Après son déplacement à Bujumbura, la Coalition Article 64 pour la défense de l’ordre constitutionnel (C64) a tenu une conférence de presse ce jeudi 9 juillet 2026 pour rendre compte de ses échanges avec le président burundais, Évariste Ndayishimiye.

Faisant face aux accusations de compromission avec le régime du président Tshisekedi, les figures de proue de la C64 ont tenu à clarifier leur position. Martin Fayulu et ses alliés ont ainsi affirmé n’avoir en aucun cas sollicité cette rencontre avec le président Ndayishimiye. L’initiative, selon eux, émanait du chef d’État burundais, agissant en sa qualité de président en exercice de l’Union africaine. Confrontés aux propositions de leur hôte, qui les invitait à privilégier le dialogue politique et la cohésion nationale, les leaders de la coalition ont accepté ce principe, tout en y attachant des préalables non négociables.
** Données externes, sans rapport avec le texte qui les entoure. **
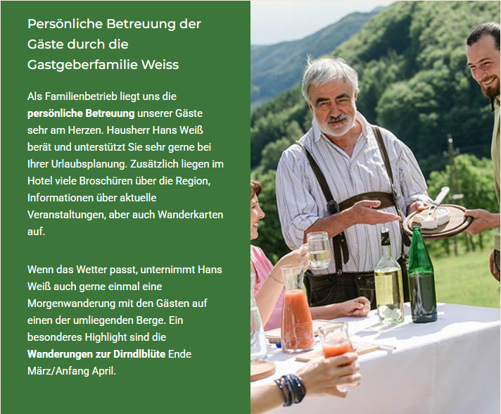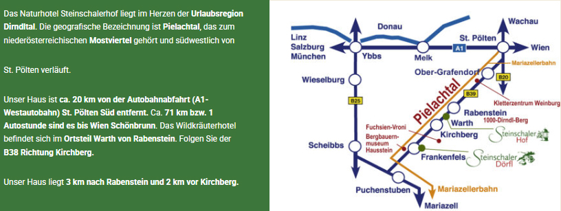 Steinschaler Naturhotels ![]() Steinschaler Dörfl - Frankenfels Steinschalerhof - Warth Urlaub, Seminare und Ausflugsziel im Dirndltal - Niederösterreich Die Öffnungszeiten unseres Steinschaler Restaurants können variieren. Wenn Sie unsere Kulinarik genießen möchten, bitten wir Sie um einen kurzen Anruf unter 02722 2281. Eingebettet in die hügelige Landschaft des niederösterreichischen Mostviertels, liegen die Steinschaler Naturhotels im Herzen der Urlaubsregion Dirndltal. Namensgebend für das Dirndltal, das sich – südlich von St. Pölten – entlang der Pielach erstreckt, sind die vielen tausend Dirndl-Bäume. Zwei Standorte - Steinschalerhof & Steinschaler Dörfl Der Steinschalerhof liegt gut erreichbar in Warth im Tal und ist ein beliebtes Ausflugs- und Urlaubsziel. Unsere Gäste schätzen unsere einzigartige Wildkräuter-Küche. Die Wildkräuter kommen aus unseren eigenen Steinschaler Gärten, die jedem Besucher offenstehen. Das Steinschaler Dörfl ist unser Resort für Gruppen bis zu 500 Personen. Unser Dörfl liegt abgeschieden vom Lärm der Welt auf einem Berghang in der Nähe von Frankenfels. Das Dörfl ist der richtige Ort für Seminare, Feiern und Incentives. Und das Beste daran: Sie können sogar das ganze Dorf samt Dorfplatz und Dorfwirtshaus mieten! ![]() ![]() Wildkräuterhotel Steinschalerhof
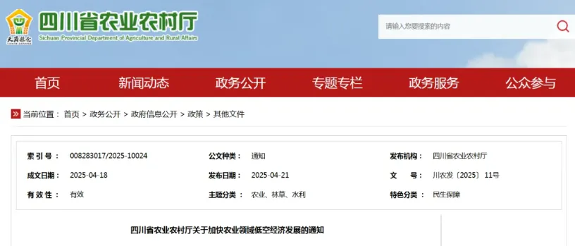 《四川省农业农村厅关于加快农业领域低空经济发展的通知》明确核心目标:推动低空经济与农业深度融合,到2027年,农业农村领域低空经济新基建、新应用、新格局基本形成,区域农机社会化服务中心实现农用无人机配置全覆盖。届时,全省农用无人机保有量将达15000台以上,新培育持证飞手5000人以上,打造5类“农用无人机+”应用场景,年度作业面积突破1亿亩次。
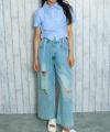 ハイウエストのデニムやパンツと合わせてスタイルアップを狙うのが鉄板!フレアスカートで甘めに、ショーパンでヘルシーに、タイトスカートで大人っぽくと、合わせるアイテム次第で印象チェンジも自在。羽織りを合わせればロングシーズン着回せる優秀アイテムです。
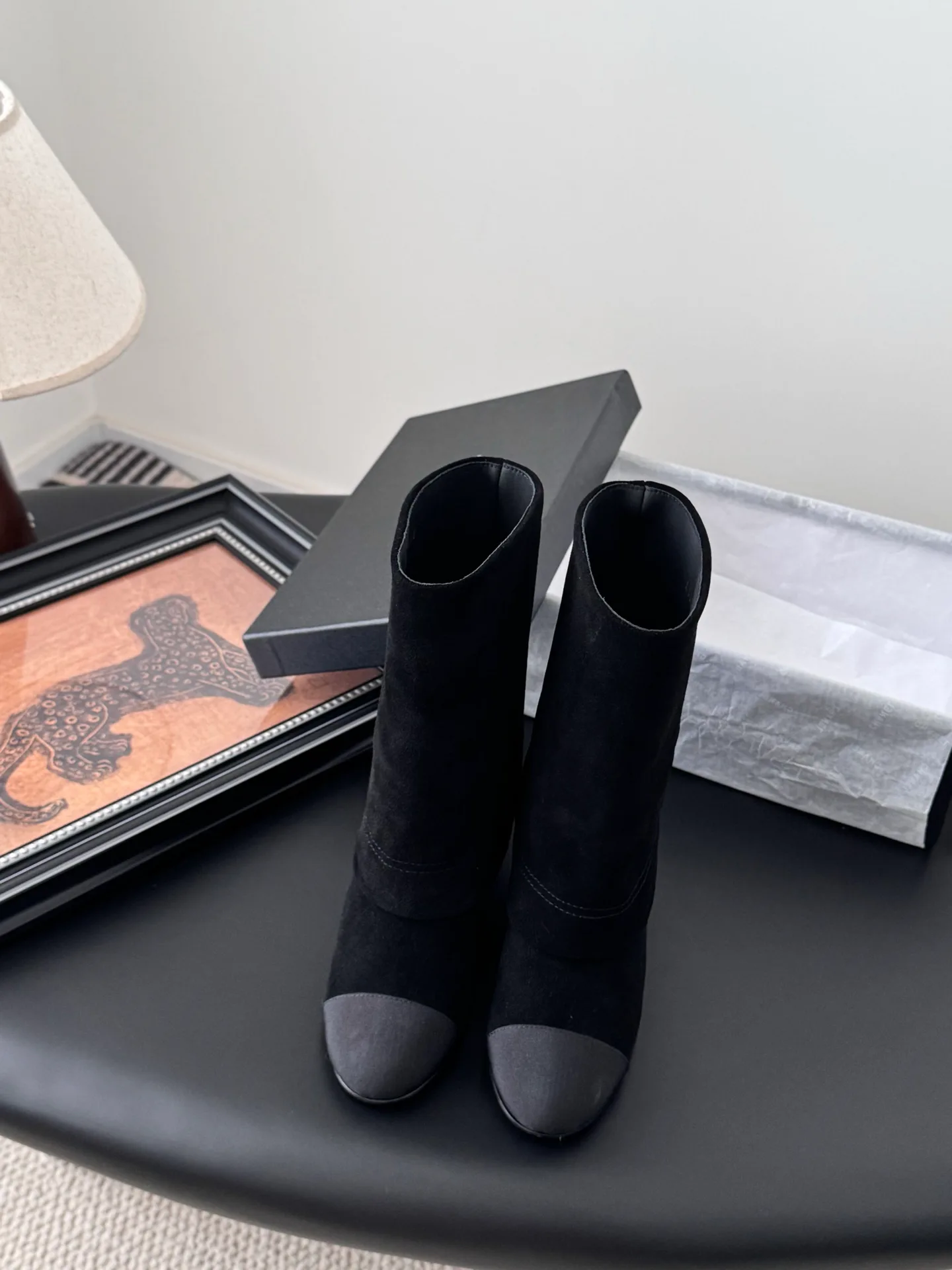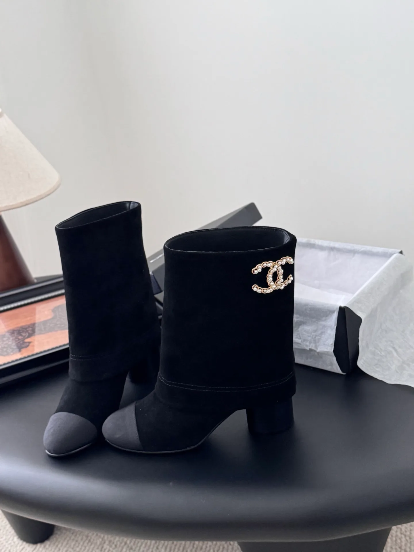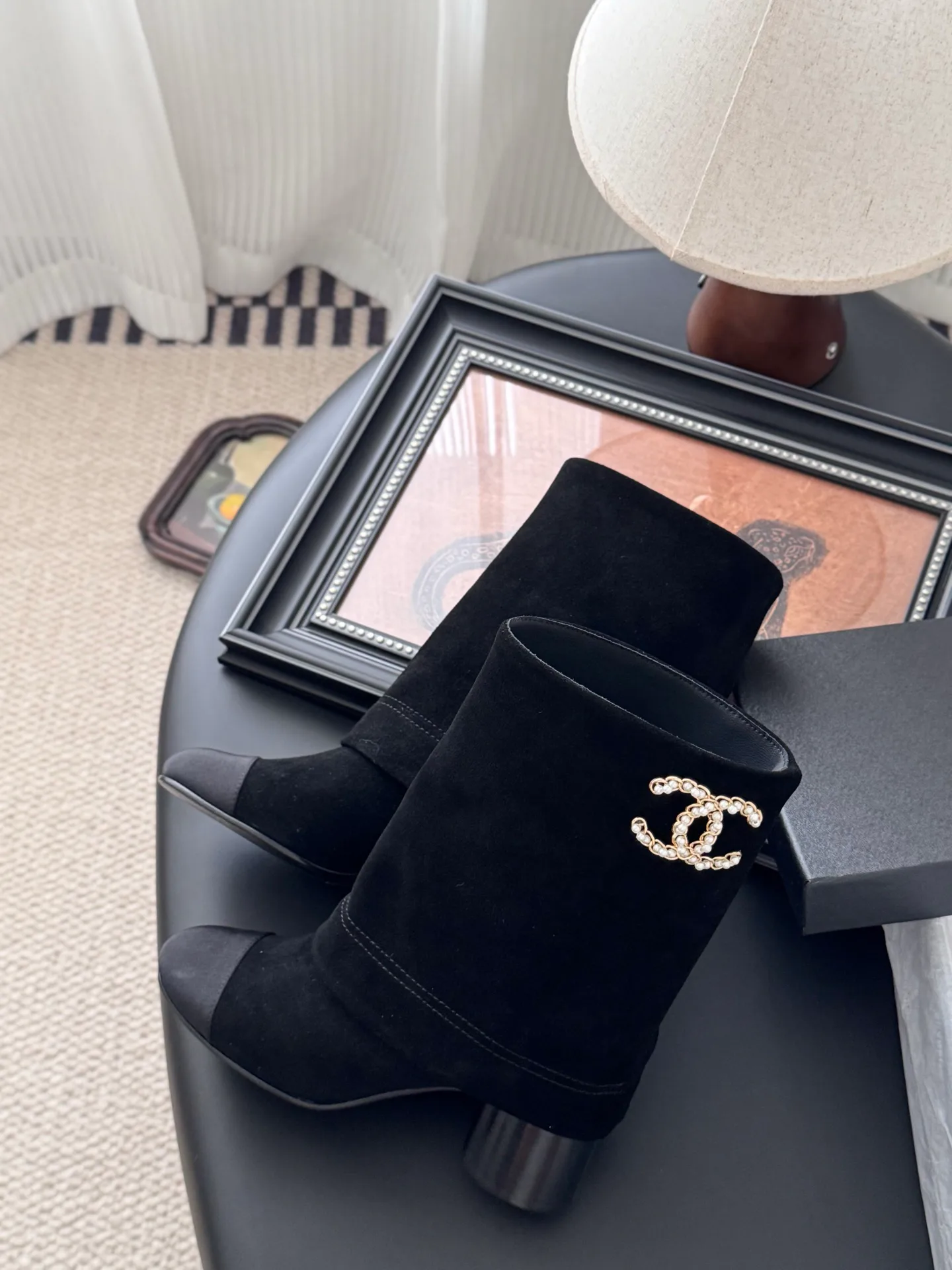 Дизайн и стиль. Маленький круглый нос и плавные грани создают гармоничный, не резкий силуэт. Не заострённый дизайн делает сапоги мягкими и изящными, добавляя изысканности без жесткости. Деталь в виде цепи добавляет характерный акцент в духе Chanel и превращает обувь в стильный элемент образа.

Pour la C64, un véritable dialogue est impérativement subordonné à l’abandon public et définitif de tout projet de modification constitutionnelle. Ils exigent également la libération de tous les prisonniers politiques, l’arrêt immédiat des poursuites judiciaires à caractère politique, et le rétablissement complet des libertés publiques. Si les leaders de la C64 ont manifesté leur ouverture au dialogue, ils insistent sur le respect de certains principes fondamentaux, qu’ils considèrent comme inaliénables.

Ces principes essentiels incluent le respect scrupuleux de la Constitution, la consolidation de l’État de droit, et la sauvegarde de la souveraineté du peuple congolais. La C64 souligne que l’échec des précédents processus de paix en République démocratique du Congo découle précisément de l’ignorance persistante de la dimension politique de la crise, laissant les causes profondes sans solution.

Le projet de révision constitutionnelle promu par le régime Tshisekedi est perçu par la coalition comme un problème politique majeur, d’autant plus préoccupant dans le contexte actuel de guerre et d’occupation partielle du territoire national. À cet égard, la C64 a réaffirmé son opposition farouche à toute modification de la Constitution, plaidant avec force pour le maintien de l’ordre institutionnel établi. Ces revendications seront portées lors d’une marche pacifique prévue le 22 juillet prochain, en direction du Palais de la Nation. L’objectif final de cette mobilisation est d’exiger la démission du président de la République, Félix Tshisekedi, accusé d’avoir trahi son serment constitutionnel.